Снятых с креста патриотов унесли их плачущие соратники и их женщины. Снятие с креста Иисуса заняло гораздо больше времени, и у некоторых представителей традиционных верований возникло ощущение, что до заката им не справиться. Недюжинная сила, которую Иисус продемонстрировал на самом пороге смерти, позволила достаточно быстро освободить его руки, но нужно было поддерживать тело в вертикальном положении, а тут понадобились и сильные руки, и крепкие веревки, и лестница. Чтобы вытащить нижний гвоздь, потребовались последовательные усилия троих человек, которые, извлекая железо из дерева и плоти человеческой, сломали пару клещей. Мария все это время стояла отвернувшись от чертыхающихся и потеющих мастеров и только вскрикнула непроизвольно, когда услышала звук падения. Да, Малыш Иаков и Иоанн были достаточно сильны и мускулисты, и римляне уважительно выделяли их среди низкорослых евреев, но даже этим двум силачам недоставало сил справиться с немалым весом истерзанного и покрытого засохшей кровью тела, которое грохнулось оземь.

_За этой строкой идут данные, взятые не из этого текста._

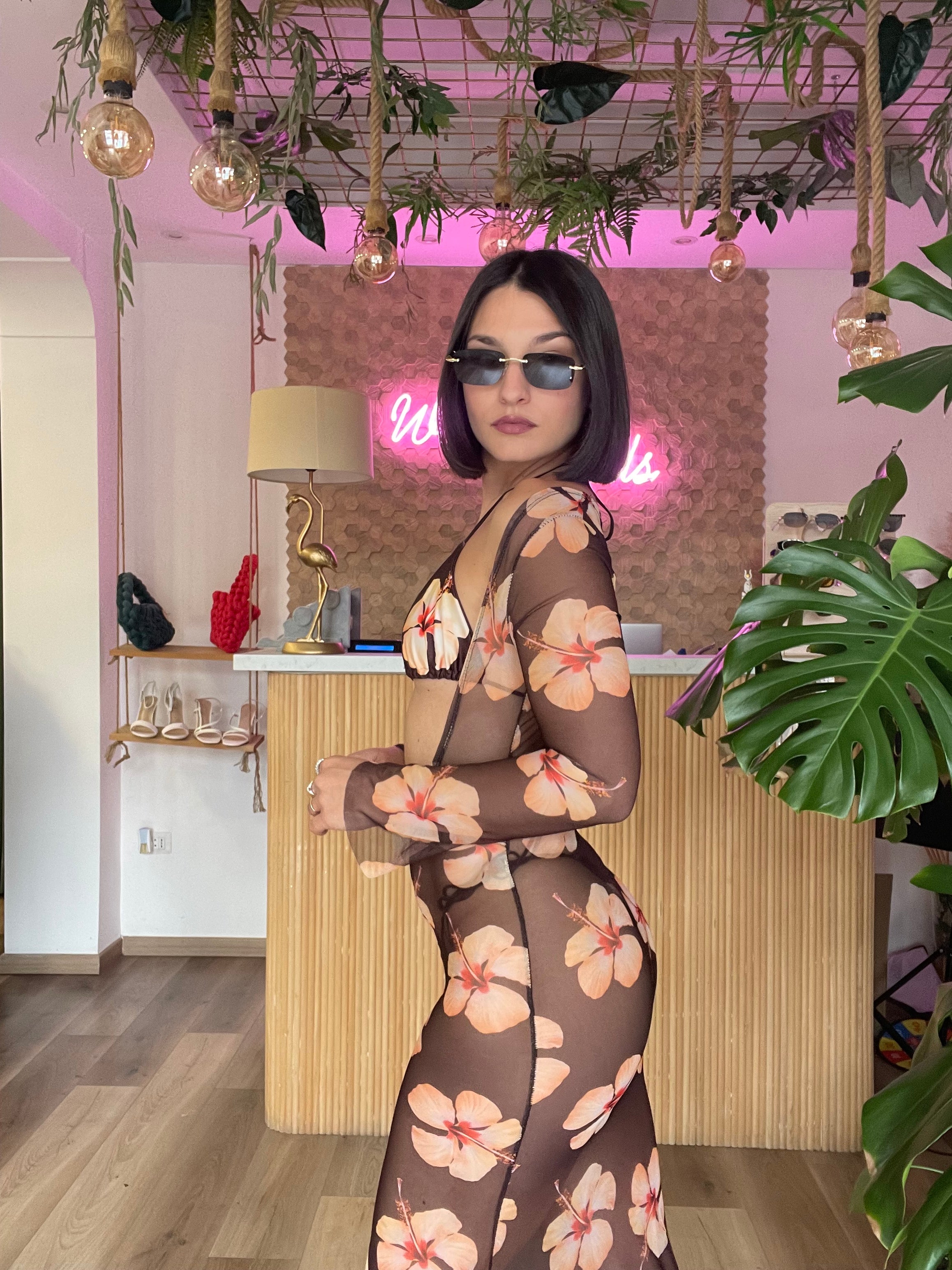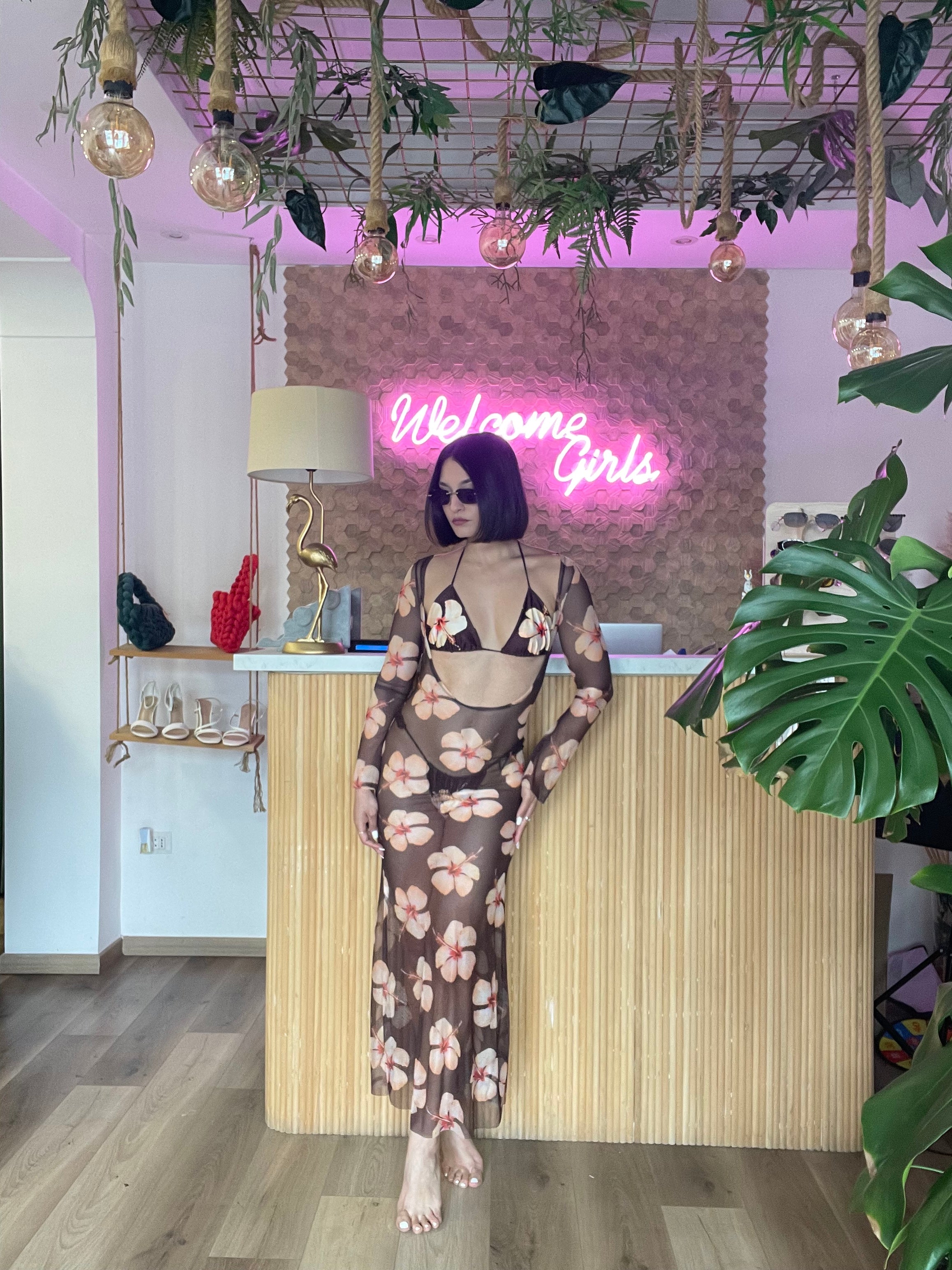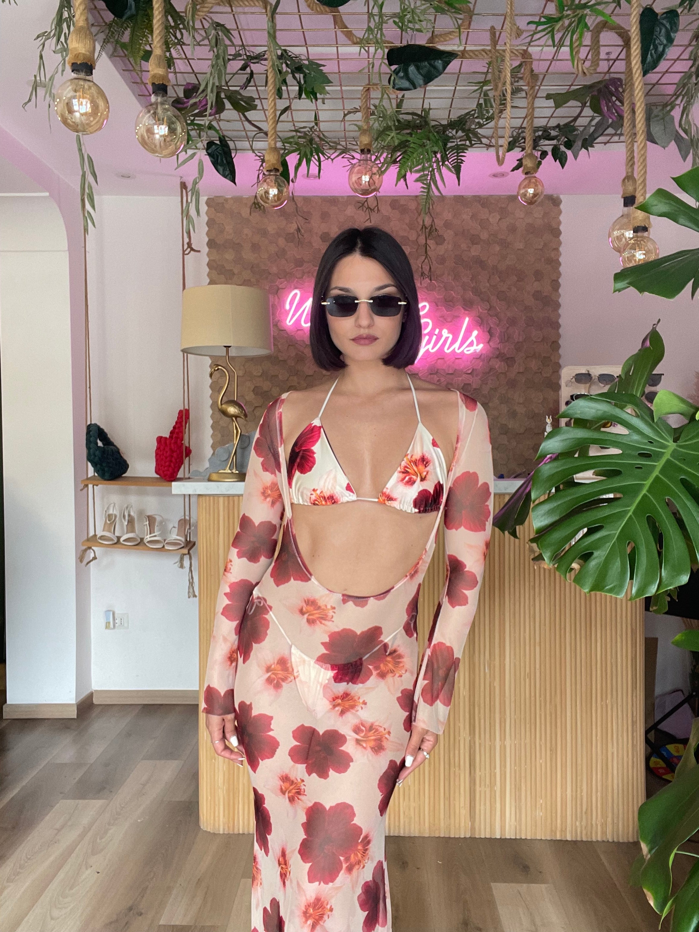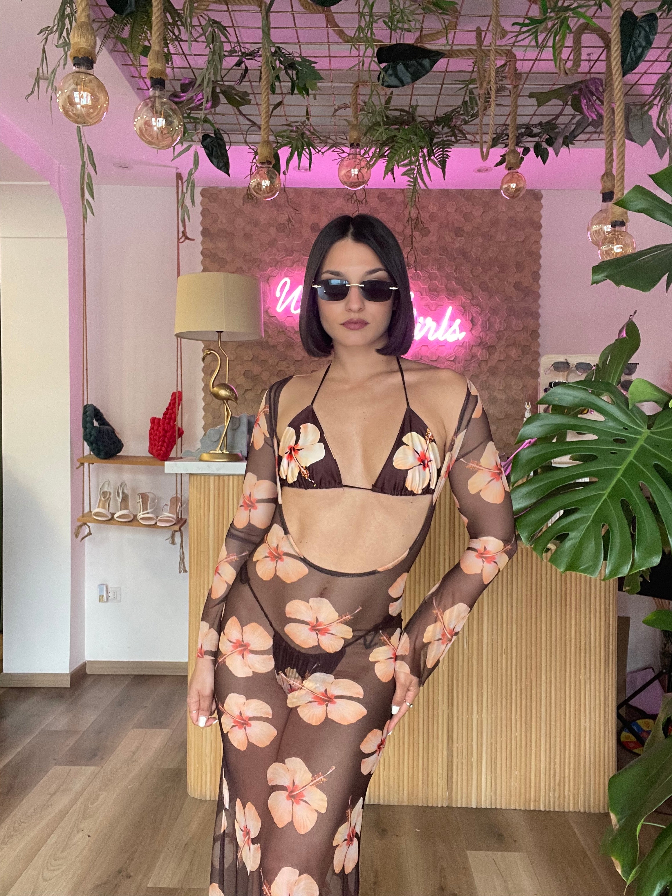 Il set bikini Flowers è composto da un triangolo brasiliano e un abito trasparente, entrambi progettati in taglia unica elasticizzata con laccetti regolabili. Questo design versatile si adatta comodamente a chi indossa dalla taglia XS alla M, garantendo una vestibilità ottimale e un comfort duraturo.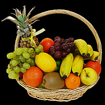 корзина, ананас , виноград, бананы 5 шт, лимон , апельсины 3 шт, мандарины 3 шт, киви 3 шт, яблоки 2 шт
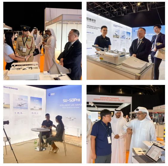 展會(huì)現(xiàn)場,蜂巢航宇展位吸引了大批國際觀眾與合作伙伴駐足交流。世界無人機(jī)大會(huì)主席楊金才、迪拜民航局(DCAA)及阿布扎比能源局(Abu Dhabi DoE)等行業(yè)代表蒞臨蜂巢航宇展臺(tái),深入了解SU-50Pro智能無人機(jī)場的核心技術(shù)與應(yīng)用成果。來自中東客戶對(duì)SU-50Pro在能源安全、城市治理及應(yīng)急管理等領(lǐng)域的應(yīng)用前景表現(xiàn)出濃厚興趣。蜂巢航宇智能無人機(jī)場技術(shù)不僅為低空經(jīng)濟(jì)發(fā)展注入新的動(dòng)力,也為全球無人機(jī)產(chǎn)業(yè)的合作與創(chuàng)新提供了全新思路。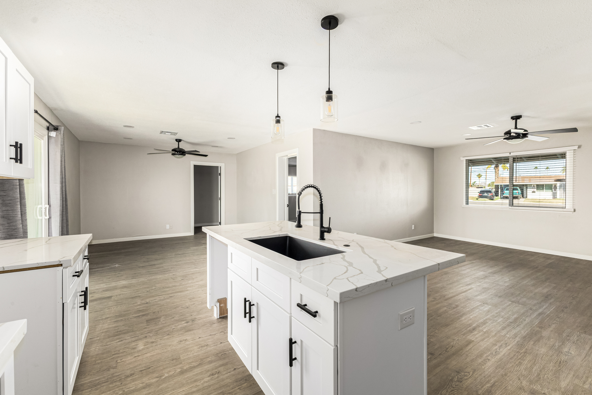 Home, sweet home! This adorable 4-bedroom gem awaits you in a prime corner lot in a quiet cul-de-sac! Recently remodeled & move-in-ready! Inside, you'll find warm and open living areas perfect for entertaining, featuring wood-look flooring & neutral paint that complements any decor. Whip up your signature dishes in the pristine kitchen, equipped with shaker-style cabinets, tile backsplash, quartz countertops & an island with a breakfast bar. The serene main bedroom showcases a closet & a private ensuite. Enjoy outdoor living in the backyard, complete with a covered patio where you can relax after a long day, and plenty of space for entertaining with an easy-maintenance landscape. Great location close to the freeway, close to downtown Tempe, close to everything!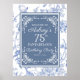 Elegante Regency Blue, sinal de boas-vindas de aniversário floral. Basta editar o texto como quiser! Bem-vindos a uma celebração da elegância do eterno e beleza refinada! Nosso Sinal de Boas-vindas de Aniversário Floral de Regência Azul acena os convidados para um mundo de sofisticação e charme. Adorado com delicados motivos florais em matizes azuis, este sinal define o palco de uma ocasião inesquecível. Como os entes queridos se reúnem, são abraçados pelo prazer gracioso do design, prometendo um dia cheio de risos, amor, e memórias queridas. Que este signo seja a bela introdução a uma celebração de aniversário tão cativante e encantadora como os próprios honrados.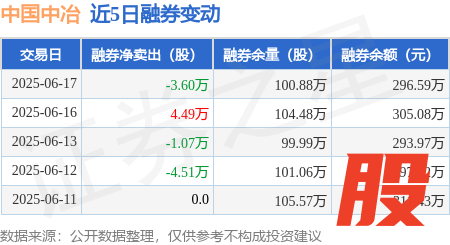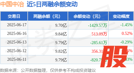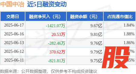本站消息,6月17日,中国中冶(601618)融资买入3900.78万元,融资偿还5321.85万元,融资净卖出1421.07万元东方财通,融资余额9.67亿元。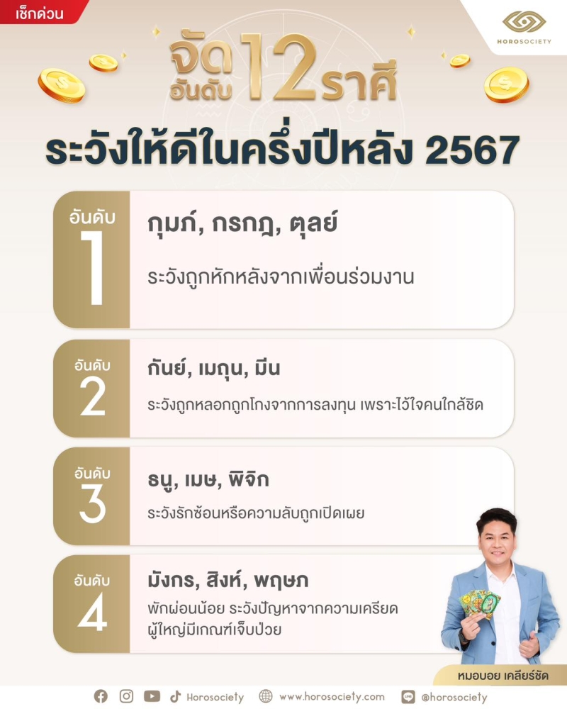 เมื่อวันที่ 26 ก.ค. 67 ที่ผ่านมา ทางเพจ Horosociety โดย หมอบอย เคลียร์ชัด นักดูดวงและราศี ได้รจัดอันดับ 12 ราศี ระวังให้ดีในครึ่งปีหลัง 2567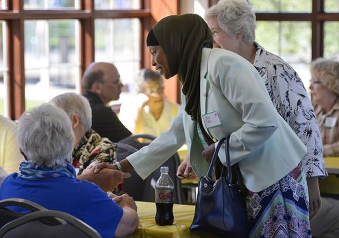 Anab Dahir, center, circulates during the interfaith picnic Sunday at Lake George. (Photo: Kimm Anderson, [email protected])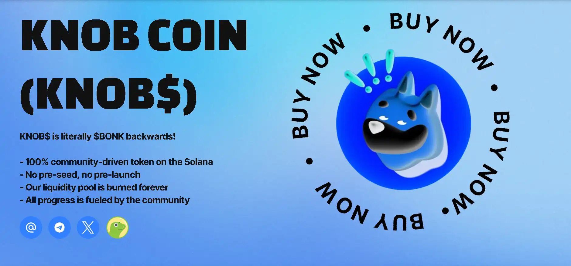 Bonk's narrative comes from the picture of Internet celebrity Shiba Inu Cheems being hit on the head with a blunt object. It can be used to mock oneself as "sad", indicating that one is being beaten, or it can be used in situations where one wants to beat someone. And this meme is called Bonk, and Bonk is the sound of being hit on the head. Although KNOB is the inverse of BONK, it uses a blue Shiba Inu as its own unique meme image representative.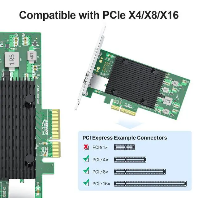 ^^ Multi-rate Connectivity: Supports 100M/1G/ 2.5G /5G/10G, (If the X550 NIC cannot negotiate to 2.5G /5G automatically, please try configuring it to 2.5G /5G manually). Single copper RJ45 port let you connect to network cable for meeting the demands of data center environments. PCIe v 3.0 ( 8.0GT /s) (Compatible with 2.0 and 1.1 ), X4/X8/X16 Lane.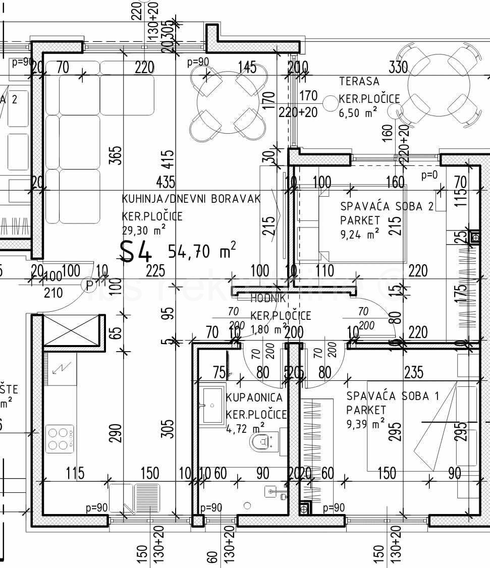 Stan se sastoji od dnevnog boravka, kuhinje i blagovaonice kao jedne cjeline, dvije spavaće sobe, kupaonice, hodnika ukupne površine 54,45 m2 te natkrivene terase od 6,50 m2. Stan uključuje i jedno vanjsko parkirno mjesto.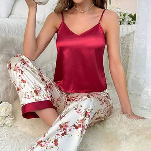 Laat je nachtrust samenvloeien met luxe dankzij deze satijnen pyjama set. De diepe wijnrode top gecombineerd met romantisch gebloemde satijnen broek maakt van jouw avonden een stijlvol ritueel.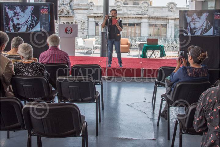 CIUDAD DE MÉXICO, 17JUNIO2017.- Se llevó a cabo el homenaje a Carlos Monsiváis en el Museo del Estanquillo, donde personas realizaron lecturas de diversos textos del escritor, y jóvenes hicieron playeras con el rostro de Monsiváis. FOTO: TERCERO DÍAZ /CUARTOSCURO.COM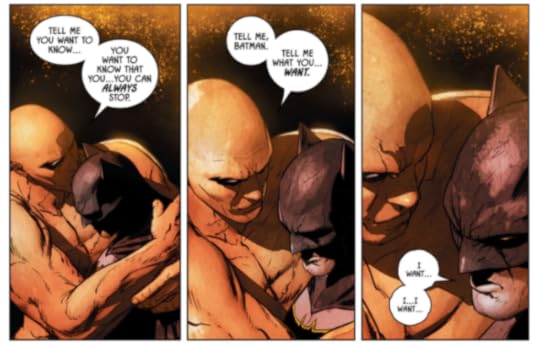 Halfway though the volume Batman narrates (what is admittedly a kinda good speech in terms of writing) about his parent's death, his childhood and the reason he became Batman. I don't want to spoil the controversial thing that Batman said that everyone was surprised with, but what we take away from the monologue is basically this: Bruce Wayne died the night his parents died, and Batman was born. That little boy chose to "die" so in turn Batman could live, so in turn he could save people. It makes it seem as if Batman is the true self, Bruce Wayne playboy persona is a mask, while the real Bruce Wayne died.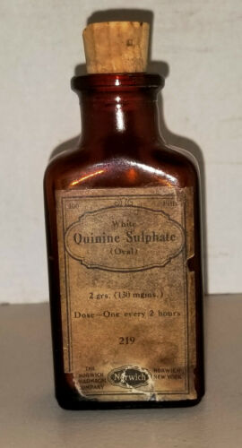 Title (ebay affiliate link): Vintage Antique QUININE SULPHATE MEDICINE BOTTLE Norwich Pharmacy Advertising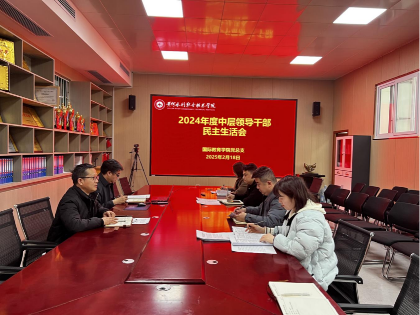 2025年2月18日上午,国际教育学院在7号教学楼7408会议室召开了2024年度中层领导干部民主生活会。学院领导班子全体成员参加了此次会议,学生支部副书记及兼职纪检监察员列席会议。本次会议由学院党总支书记楚万强主持。

Впрочем, в том, что ученики выронили останки учителя, неуважения не было никакого – они сделали все, на что способны, а без веревок и лебедки такую работу выполнить не под силу и дюжине рослых мужчин. Затем умершего на носилках перенесли к подножию холма, где уже ждала присланная Иосифом тележка, запряженная быками, – на ней Иисуса должны были перевезти в фамильную усыпальницу семьи из Арифамеи.

Ученики Иисуса и женщины, сопровождавшие умершего, немало удивились, когда возле усыпальницы увидели священников, а также небольшой отряд римских воинов и двух офицеров, один из которых, младший, был командиром отряда, а другой, старший, явился, чтобы присутствовать на захоронении в качестве официального представителя римской власти. Иосиф Арифамейский благоразумно покинул место захоронения на своей тележке, но его слуга незамедлительно прибыл с покрывалами и бальзамическими средствами. Вскоре завернутое и обработанное ароматическими веществами тело Иисуса было готово к погребению, но путь в усыпальницу преграждал камень – столь огромный, что ученики не смогли его сдвинуть. Римляне же ворчали, что это не их дело – толкать камни. И тогда Зера (а кто же еще?), присутствовавший здесь же, воспользовавшись собственным кошельком, заплатил солдатам, и вскоре изрядно вспотевшие и ругающие Израиль на чем свет солдаты сдвинули камень, заслонявший вход в склеп. Тело Иисуса было внесено внутрь, положено на каменное ложе, после чего вход вновь закрыли тем же чудовищных размеров и веса камнем.